Kahsa is part of a Women Lead in Emergencies group supported by CARE and our partner in the SELAM project. The group brings together 25 women to discuss gender-related topics such as women in politics, female-led businesses, and violence against women, and to strengthen their voices in the community.

It is relatively safe now that the worst of the conflict is over, but the villagers still have no means to get to the clinic.

“Even after the conflict,” Kahsa says, “there still are no medical transportation services. So, in one of our meetings we discussed the high numbers of home deliveries and found a solution together.”

A meeting of a Women Lead in Emergencies group in Tigray.

They resorted to the old traditional way of transporting patients, with sticks and cloth.

It’s a working system, but not a replacement for adequate access to health facilities.

“This month a woman lost her baby because it was in a wrong position. I was responsible for getting the stretcher to her, but I was too late to save the baby,” remembers Kahsa.

She herself is a mother of three, so she knows first-hand why access to maternal health is so important.

“My firstborn was a home delivery. I was bleeding a lot, and for three days I could not stand on my own. My family had to carry me everywhere. There was a tear, and it took a lot of time to heal,” she says.

Her second child was born in a clinic.

“My baby had a wrong position, and I had an emergency operation and stayed in the clinic for three months. It saved my life and that of my child,” she says.

"We are trying our best to reduce the number of home births, but it is so difficult without an ambulance service," says Kahsa, here in front of her house in Tigray.

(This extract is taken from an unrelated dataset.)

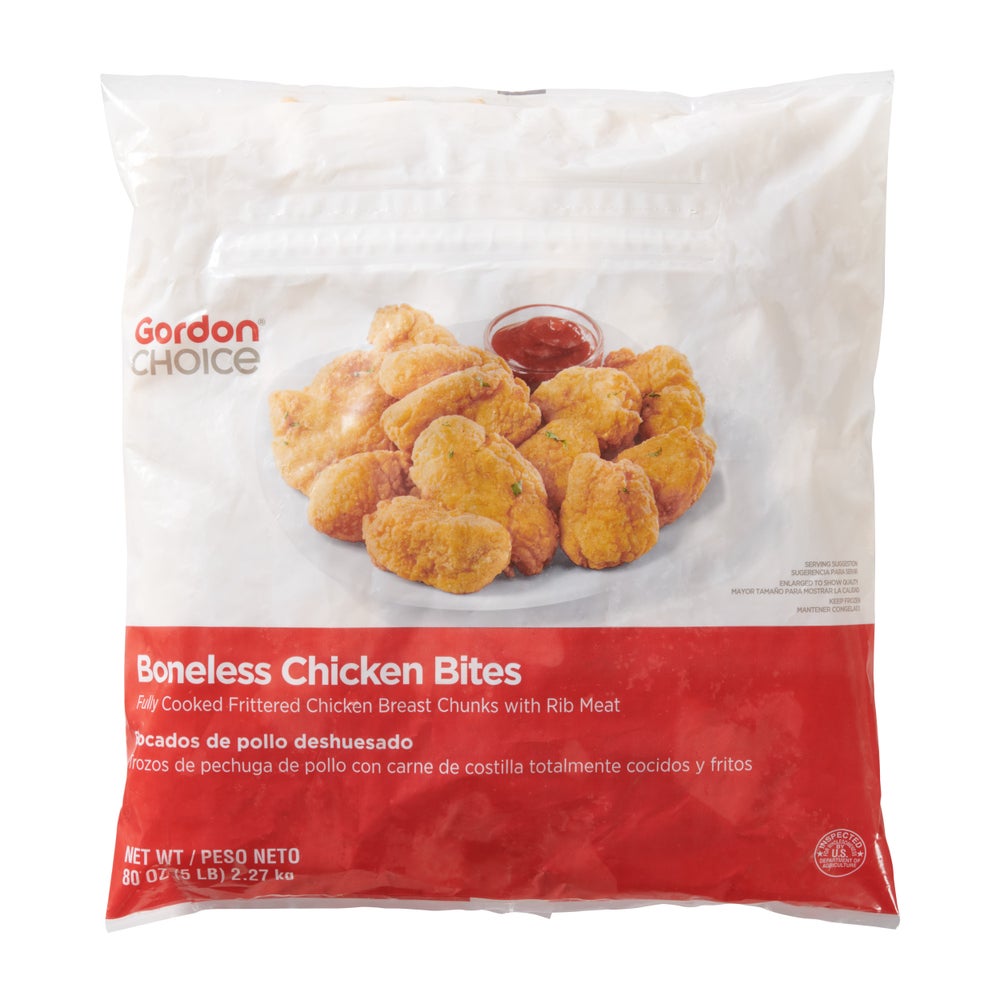 Gordon Choice Fritter Breaded Boneless Chicken Wings, Breast Meat, Fully Cooked, Frozen, 5 Lb Bag, 2/Case

The clinic close to Kahsa’s village is in poor condition.

“The clinic was heavily damaged and only open for the last year, but it is lacking supplies. Before the SELAM project it also did not have any access to water, so the women delivering babies had to bring a 5-liter jerrican of water with them for their own treatment,” says Kahsa.

Only 3 percent of health facilities in Tigray have been fully functional since the conflict due to lack of supplies and partial or total damage to facilities. 93 percent of referral facilities lack the basic supplies necessary for providing essential services for pregnant women and newborns .

“We need to do more for mothers,” says Kahsa.

Since the onset of the conflict, the maternal mortality rate in the region has increased fivefold, according to a study by the Regional Health Bureau.

This level is comparable to those of 22 years ago. Most deaths are due to easily preventable causes such as bleeding. More than 80 percent of the mothers died outside of a health facility. Before the conflict, there were less than 200 maternal deaths per 100,000 births in Tigray. Now the average is 840 , which is 210 times higher than the maternal mortality rate in Germany/168 times higher than the maternal mortality rate in Austria .

“The women get pregnant and cannot access care. And if she’s in labor she cannot travel. There are no ambulances and we do not have the money to pay for private transportation. So, what should we do?” asks Kahsa.

And even when they get to a health facility they often cannot be helped.

Kahsa and the women’s leadership group are trying to change that.

The Women Lead in Emergencies group in Tigray.

“I am trying to support women in my community and to encourage the group to stand up for their rights. Before we were not represented in society. Our husbands were the head and represented us. Now we are part of the decision-making. It was a taboo to speak for the community. Now we speak loudly. We finally have a voice and fight for us mothers.”